La première question que nous avons choisie d’aborder lors de cette première rencontre des jeudis du groupe d’échanges bibliques, s’intéressera donc à la thématique du bonheur. 

Qu’est-ce que le bonheur ? Quelle définition lui donne-t-on ? Est-il lié au plaisir, à la plénitude, à la vertu ? Est-il de l’ordre du hasard, de la fortune ou de la philosophie de vie ? Est-il de l’ordre de nos possibilités ou un idéal utopique et inaccessible ? Telles sont les questions préliminaires qu’il convient de se poser. Sans compter la question emblématique que nous avons retenue pour le titre de cette soirée : « 
Dépend-il de nous d'être heureux ? »      

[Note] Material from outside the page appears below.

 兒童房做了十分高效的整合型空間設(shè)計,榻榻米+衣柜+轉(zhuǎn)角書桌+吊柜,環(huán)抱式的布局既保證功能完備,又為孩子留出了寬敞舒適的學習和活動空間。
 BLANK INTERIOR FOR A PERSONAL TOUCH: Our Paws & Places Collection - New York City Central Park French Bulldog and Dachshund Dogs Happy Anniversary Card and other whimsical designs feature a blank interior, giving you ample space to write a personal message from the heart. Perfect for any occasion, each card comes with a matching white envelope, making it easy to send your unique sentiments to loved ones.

Pour aborder cette thématique je vais répartir les matériaux que j’ai rassemblés en trois temps :
 

1)    Premièrement nous survolerons le débat relatif au bonheur à la lumière de la pensée grecque. 

2)    Deuxièmement  nous approcherons la même question du bonheur au sein de la sagesse hébraïque. 

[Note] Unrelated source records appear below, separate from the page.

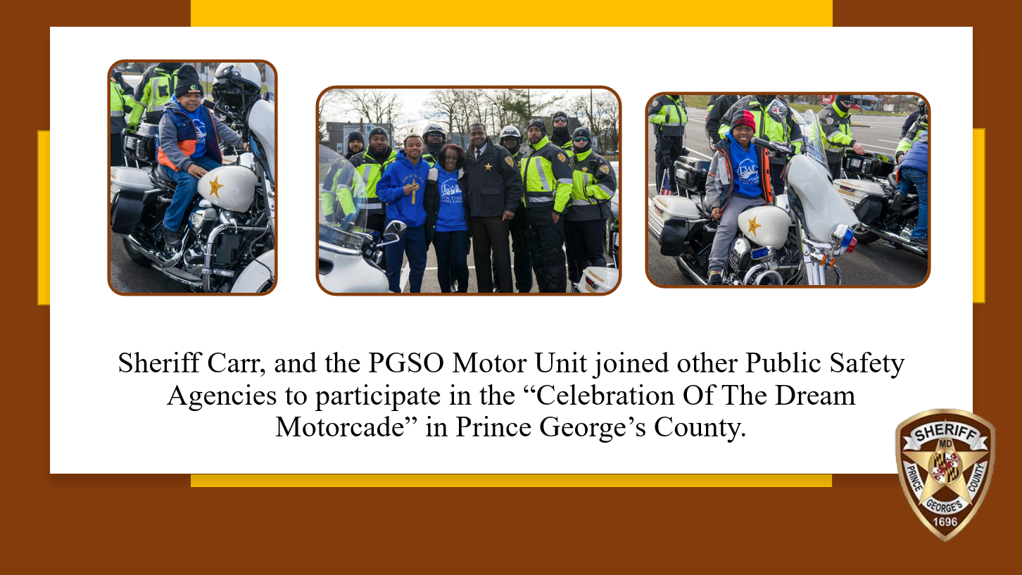 Sheriff Carr, and the PGSO Motor Unit joined other Public Safety Agencies to participate in the “Celebration Of The Dream Motorcade” in Prince George’s County!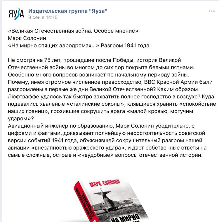 Марк Солонин - это лютый антисталинист и либераст, второй Резун-Суворов. Однако Яуза его печатает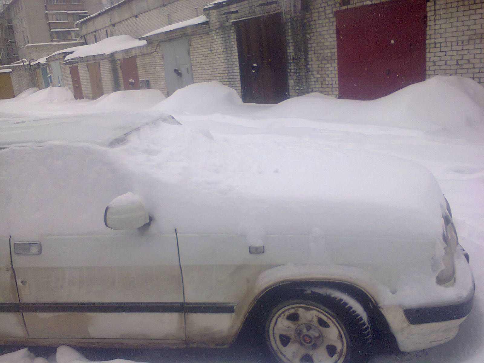 Хотел сегодня скататься за запчастюльками и ОКУ (напомню, это мой подменный автомобильчик) привести в порядок, НО вышел на улицу и понимаю-дело плохо. Машина за всю зиму столько снега не копила. Плюс еще к тому, что на стоянке была лужа и я в нее 2 дня назад встал (просто места не было нормального). Снег убрал, а выехать не могу, буксует и всё. Недолго думая, решил, сегодня отдыхаю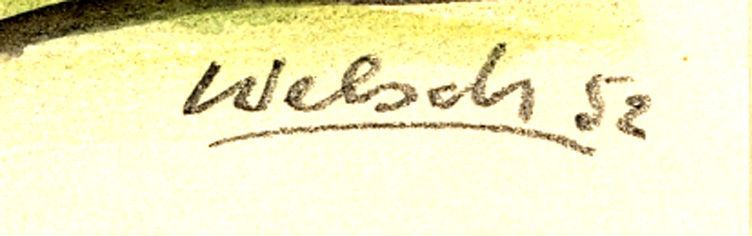 During the war (1939-1941), the works were often signed "Velche" to erase the Germanic origins of the name Welsch. This mainly concerns drawings, watercolors elaborated in the oflags, the artist having hardly had the possibility of painting oils. The signature opposite is taken from a stained-glass window designed at this time.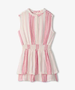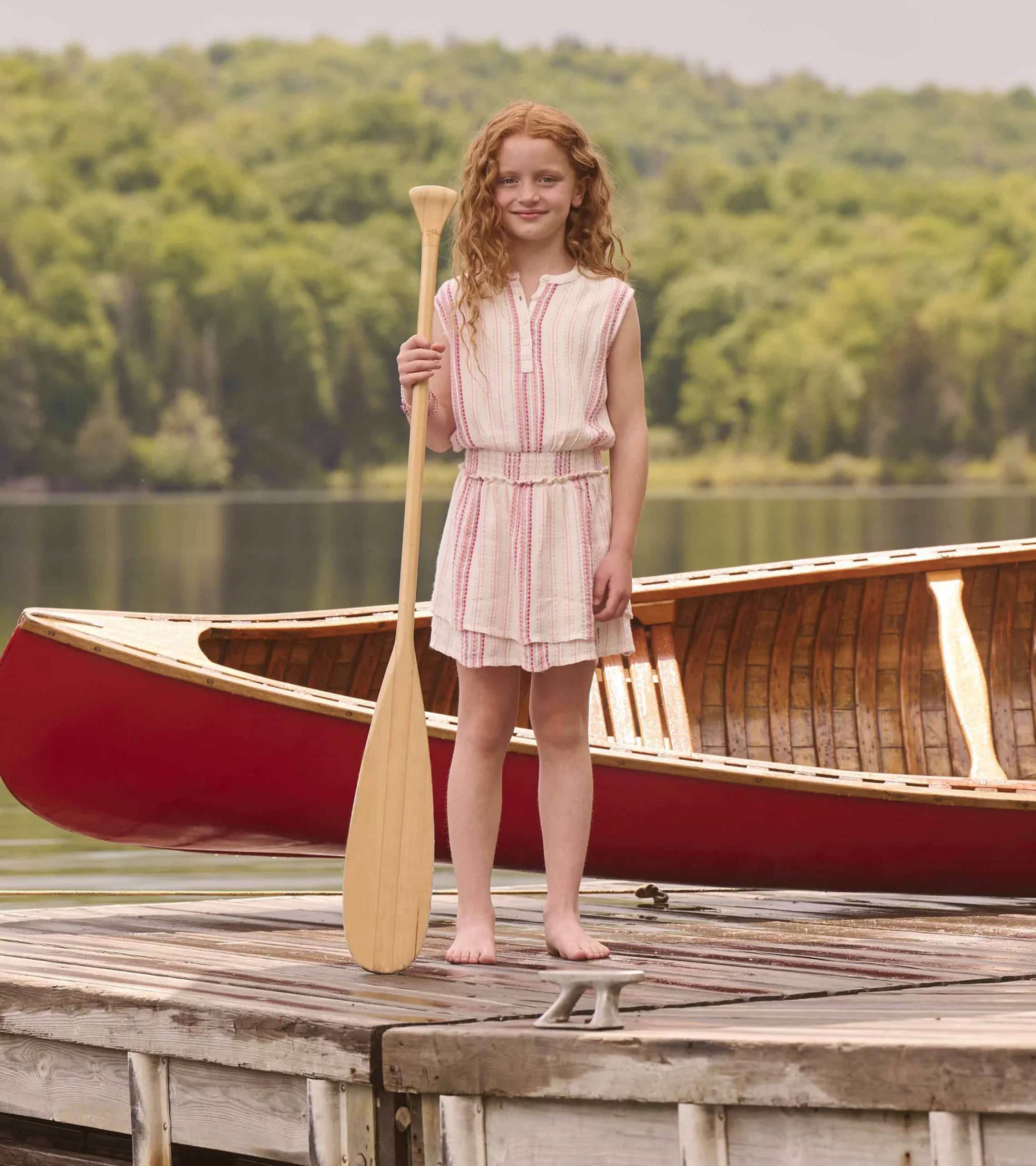 Summer is the perfect time to break out our Girls Ribbon Stripe Smocked Waist Dress! Crafted from a soft rayon blend, the flattering sleeves and smocking details are sure to make this a summer favourite.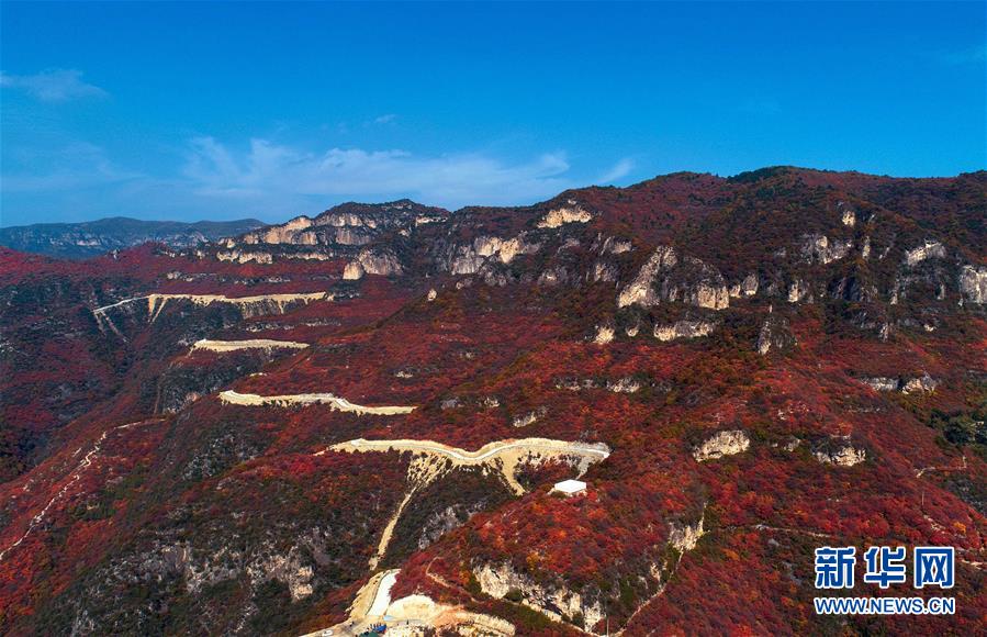 這是10月19日無人機(jī)拍攝的河北省涉縣太行紅葉大峽谷景色。金秋十月,河北省涉縣偏城鎮(zhèn)太行紅葉大峽谷的紅葉進(jìn)入觀賞佳期,吸引眾多游客前來登山賞景。新華社記者王曉攝

3)    Troisièmement : j’esquisserai une perspective récapitulative pour nous, ici et maintenant. 

4)    Enfin nous nous rassemblerons en assemblée pour un temps d’échanges et de conclusion.  

I - La tradition philosophique     

Les mots « bonheur »  et  « heureux »  sont tirés du mot « eür » dérivé du latin « agurium » qui signifie « chance »  ou  « sort ». Qualifié par les adjectifs « bon » ou « mal », le  mot « eür » devient « bonheur », c’est-à-dire « bon sort », ou « malheur », c’est-à-dire « mauvais sort ».  Quant au mot « heureux » il désigne étymologiquement celui ou celle qui connaît un sort favorable.

Cette étymologie rejoint le sens commun qui tend à identifier le bonheur avec la bonne fortune ; thèse assumée et défendue par les Sophistes du temps de Socrate qui considéraient, d’après Platon, que le bonheur dépend de la fortune, de la chance qui permet de jouir des plaisirs de la vie.

Pour Socrate, Platon et même Aristote, cette thèse est philosophiquement inapte. Certes, Aristote admet dans l’Ethique à Nicomaque que l’infortune et les maux, sont incompatibles avec le bonheur, mais il soutient par ailleurs, à l’exemple de Socrate et de Platon, que le bonheur ne saurait se réduire à la fortune et à la satisfaction des plaisirs.

Pourquoi ?

Le Socrate de Platon avance trois raisons (Cf. le Philèbe, le Protagoras et Le Gorgias) :
     

1)  Socrate fait remarquer aux sophistes que les désirs ont quelque chose d’incontrôlable et qu’ils finissent par tenir en leur pouvoir celui qui s’adonne à la jouissance sans limites. Celui qui se livre aux plaisirs devient dès lors, non un homme libre et heureux, mais un « débauché » esclave de ses sens et de ses désirs. Or, telle n’est pas la vie de  bonheur. 
         

2)   Le plaisir relève de l’illimité et de l’éphémère. Aucun plaisir n’est durable, mais chacun entraîne immanquablement un autre désir. La vie de plaisir sera donc forcément marquée par le sceau de l’incomplétude et de l’insatisfaction.
         

3)   Tout plaisir ne conduit pas nécessairement au bonheur. Il arrive même qu’un plaisir fasse le malheur de l’individu qui s’y livre. Dès lors, pour qu’un plaisir contribue au bonheur, il doit être conforme à la vertu, à la morale et notamment à la justice.
     

Ces différents points validés également par Platon et Aristote rejoignent aussi la pensée des stoïciens et des épicuriens.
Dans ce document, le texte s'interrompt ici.